-- WHAT YOU SHOULD DO --
Please leave out pictures and print exactly the lines from the one that has "The interior has" through the last line of the material below.

-- PROVIDED DATA --
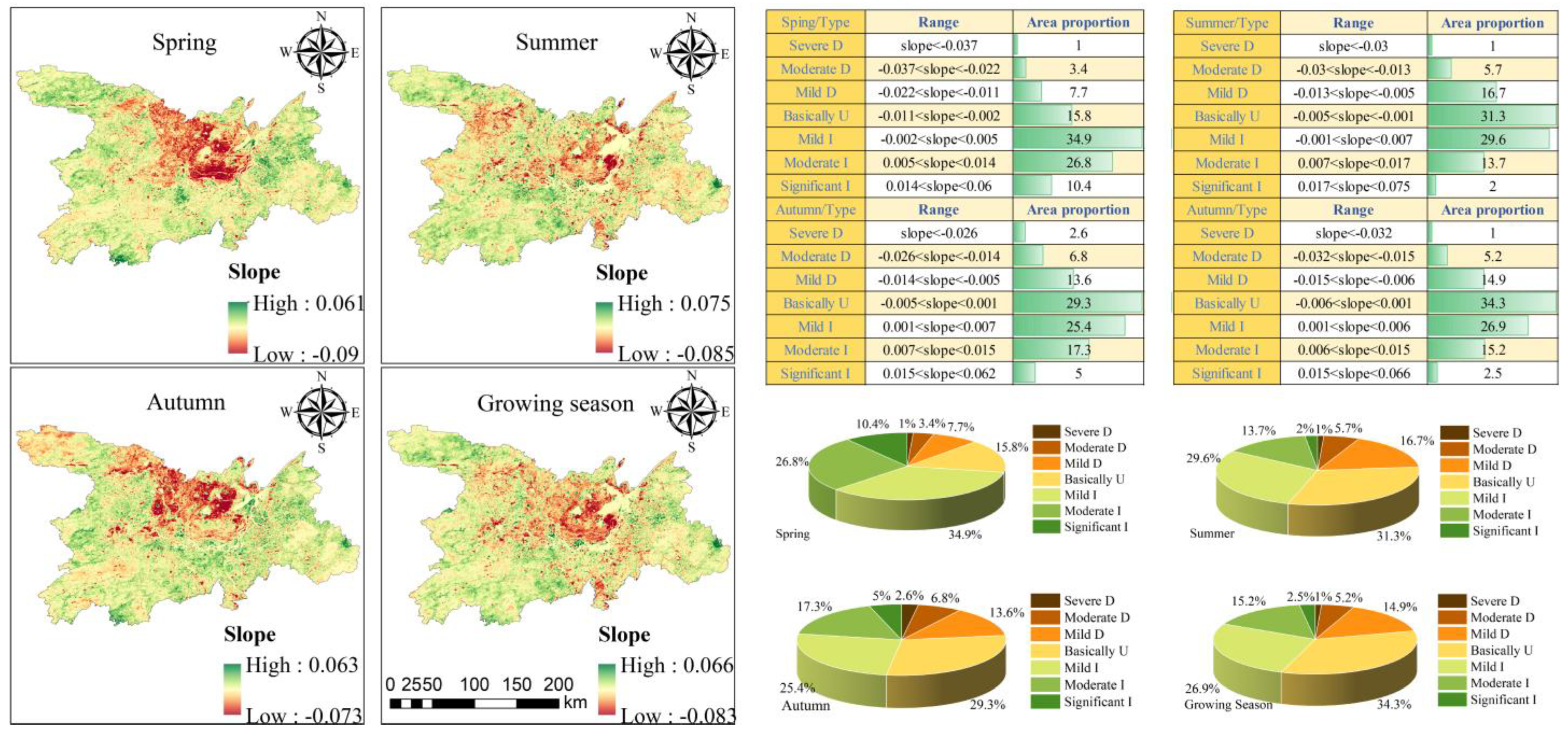 3.2.2. Analysis of Seasonal FVC Evolution Trends
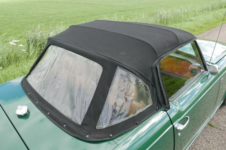 The interior has also been renewed and is therefore in excellent condition. The beige upholstery is finished in beige (imitation leather), and the dashboard is beautifully trimmed with wood. The upgraded seats feature headrests. The floor is covered with elegant green carpeting. The soft top can be stored under a tonneau cover. A wind deflector adds extra comfort while driving. The interior also includes a heater and a Philips radio player. The trunk is neat and, under the double floor, offers space for the spare wheel.
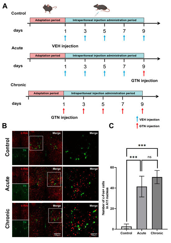Glyceryl trinitrate (GTN) was prepared from a stock solution of 5.0 mg/mL glyceryl trinitrate in 30% alcohol, 30% propylene glycol, and water (Beijing Yimin Pharmaceutical Co., Ltd., Beijing, China). GTN was freshly diluted with 0.9% saline to a solution with a concentration of 0.5 mg/mL (10 times dilution). The diluted GTN was stored in a glass bottle at 4 °C away from light to ensure that it was ready for use. The injection volume of C57 mice was 10 mg/kg, which was converted to 20 μL/g [72]. The mice were divided into three groups according to the mode of administration: control group, acute group, and chronic group. The control group was injected with vehicle every other day for a total of five injections. The acute group was injected intraperitoneally with the drug every other day for a total of five injections. The first four injections were with vehicle and the last was with GTN. The chronic group was injected with GTN every other day for a total of 5 injections (Figure 1A).

-- SOLVED EXERCISE --
 The interior has also been renewed and is therefore in excellent condition. The beige upholstery is finished in beige (imitation leather), and the dashboard is beautifully trimmed with wood. The upgraded seats feature headrests. The floor is covered with elegant green carpeting. The soft top can be stored under a tonneau cover. A wind deflector adds extra comfort while driving. The interior also includes a heater and a Philips radio player. The trunk is neat and, under the double floor, offers space for the spare wheel.
Glyceryl trinitrate (GTN) was prepared from a stock solution of 5.0 mg/mL glyceryl trinitrate in 30% alcohol, 30% propylene glycol, and water (Beijing Yimin Pharmaceutical Co., Ltd., Beijing, China). GTN was freshly diluted with 0.9% saline to a solution with a concentration of 0.5 mg/mL (10 times dilution). The diluted GTN was stored in a glass bottle at 4 °C away from light to ensure that it was ready for use. The injection volume of C57 mice was 10 mg/kg, which was converted to 20 μL/g [72]. The mice were divided into three groups according to the mode of administration: control group, acute group, and chronic group. The control group was injected with vehicle every other day for a total of five injections. The acute group was injected intraperitoneally with the drug every other day for a total of five injections. The first four injections were with vehicle and the last was with GTN. The chronic group was injected with GTN every other day for a total of 5 injections (Figure 1A).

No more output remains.